Joe Biden l’aveva detto nel discorso della vittoria, sabato, che il COVID sarebbe stata la priorità dei primi giorni della sua amministrazione. Oggi ha presentato una task force di 13 tra medici e ricercatori che si occuperanno del COVID-19.

A capo del gruppo c’è Vivek Murthy, che è stato surgeon general, cioè la persona responsabile in materia di salute pubblica, di Barack Obama. Biden ha parlato, poco fa, ha detto che la mascherina non è un simbolo politico, come pensano molti conservatori qui negli Stati Uniti, ma un modo per limitare la diffusione del virus COVID-19. Tra le misure previste, oltre appunto alla task force, c’è anche l’obbligo della mascherina all’interno degli spazi federali e nei viaggi tra Stati americani.

Il presidente eletto cerca con questa sua strategia, anche mediatica, di trasmettere l’idea di una gestione completamente diversa della pandemia rispetto a Donald Trump, che da mesi dice che il virus sta scomparendo. In realtà i contagi hanno superato i dieci milioni qui negli Stati Uniti, nei prossimi mesi altri 200mila americani potrebbero morire.

Pfizer, la società farmaceutica statunitense, ha annunciato stamane che il vaccino che sta sperimentando da mesi ha un’efficacia del 90 per cento. È una buona notizia, che però ancora non risolve la situazione. Come ha detto Biden agli americani oggi: ci aspetta un inverno buio.

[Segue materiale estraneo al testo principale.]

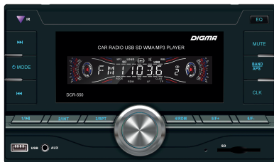
Автомобильный ресивер DCR-550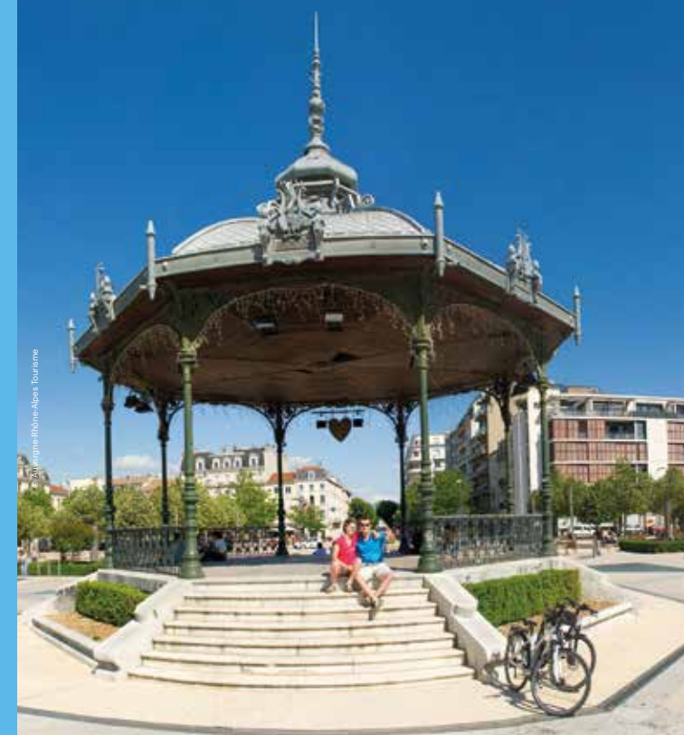
La Région vous transporte

N'oubliez pas de vous reporter aux renvois ci-dessous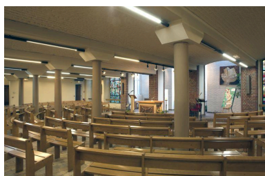
Vue de trois quarts vers l'autel.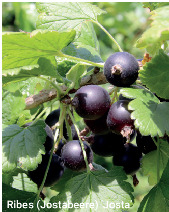
Ribes (Jostabeere) Josta

Die buschig wachsenden Johannis- und Stachelbeeren erfordern bei Pflanzungen in der Reihe einen Abstand von 120 bis 140 cm, Jostabeeren einen solchen von 150 bis 200 cm. Werden mehrere Reihen gepflanzt, so ist zwischen diesen ein Abstand von 180 bis 250 cm (Jostabeeren) einzuhalten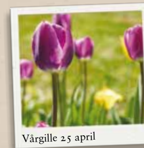
Vårgille 25 april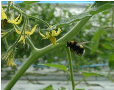
セイヨウオオマルハナバチ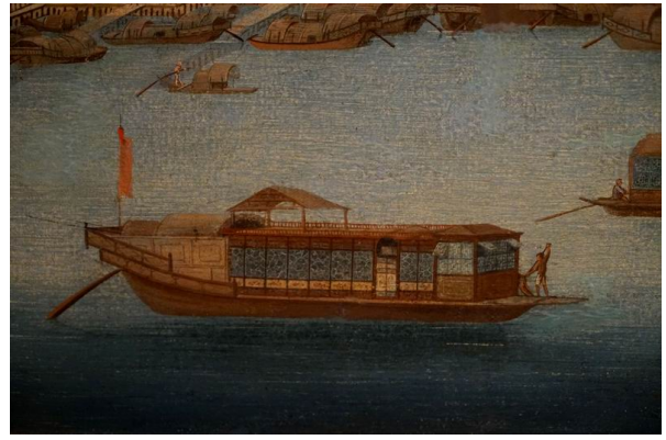
十三行 油畫 約 1784 年 右圖為局部 廣東省博物館藏 筆者攝。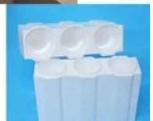
Cantina Polistirolo 3-6 bottiglie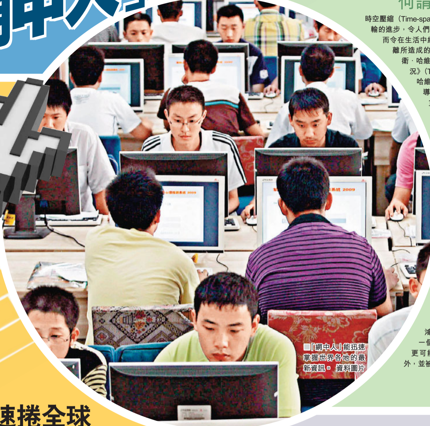
「網中人」能迅速掌握世界各地的最新資訊。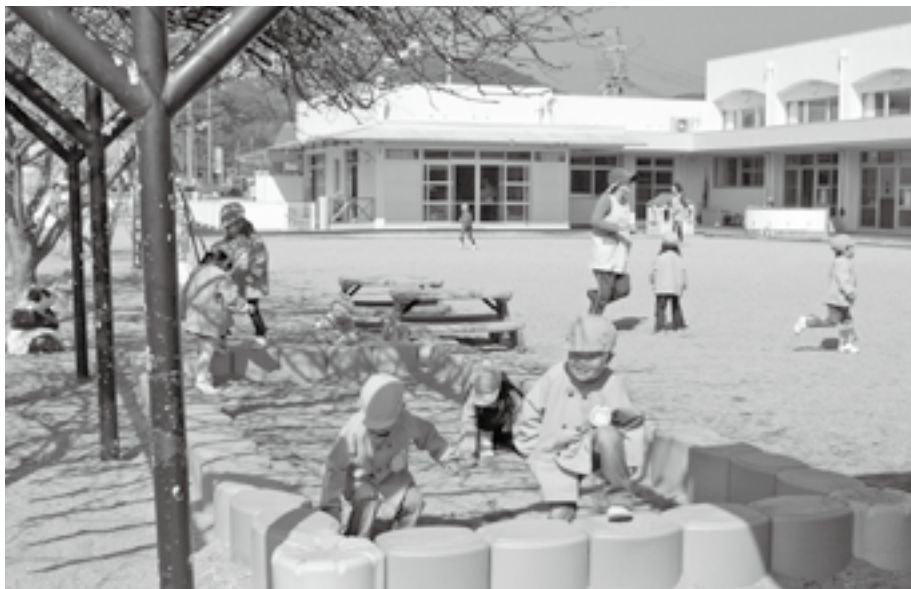
充実した保育行政を

問 平成19年度より始めた委託業務について。当町は、保育士のみ派遣会社に委託している理由は。 町長 従来の臨時職員としての保育士は、御坊・日高地方においては人材不足であり、必要人員を確保することが非常に困難な状況にある。 当町では、平成18年には必要人数を確保することができず非常に苦しい保育運営になり、保育業務の向上を常に考えていかなければならないにもかかわらず、現状を維持するのが精一杯であった。 そこで和歌山県ではまだ実績がなかったが、全国的には派遣保育士が普及してきており、厳しい財政事情の中で保育の充実を図るには現時点では最良ではないかと判断し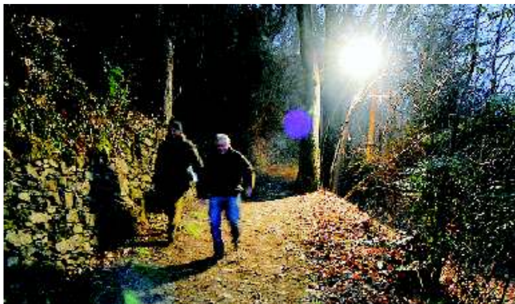
170 abitanti delle frazioni isolate dalla frana sono costretti a servirsi dell'antica mulattiera

La notizia del finanziamento, che permetterà di

La situazione resta bloccata dal rifiuto di Donald Trump di concedere la vittoria. Peraltro, i repubblicani non sembrano fare molto per sbloccarla e mantengono un atteggiamento ambiguo, di silenzio, sulla questione. Oggi pomeriggio Mitch McConnell, il leader repubblicano del Senato, terrà una conferenza stampa con i nuovi senatori repubblicani eletti. McConnell non ha ancora detto una parola chiara sull’esito del voto per la Casa Bianca, vedremo se lo farà.

Per ora Trump, i suoi avvocati, i suoi alleati, non hanno ancora offerto le prove di quella vasta azione di brogli e illegalità nel voto di cui parlano. Ci sarebbero, per il momento, casi di persone presunte defunte che avrebbero votato. Nulla è accertato, e sono comunque episodi non in grado di cambiare un risultato elettoale che ha dato a Biden una maggiornaza di decine di migliaia di voti ngli Stati contesi. L’obiettivo ovviamente è indebolire Biden, togliendogli la legittimità del voto popolare.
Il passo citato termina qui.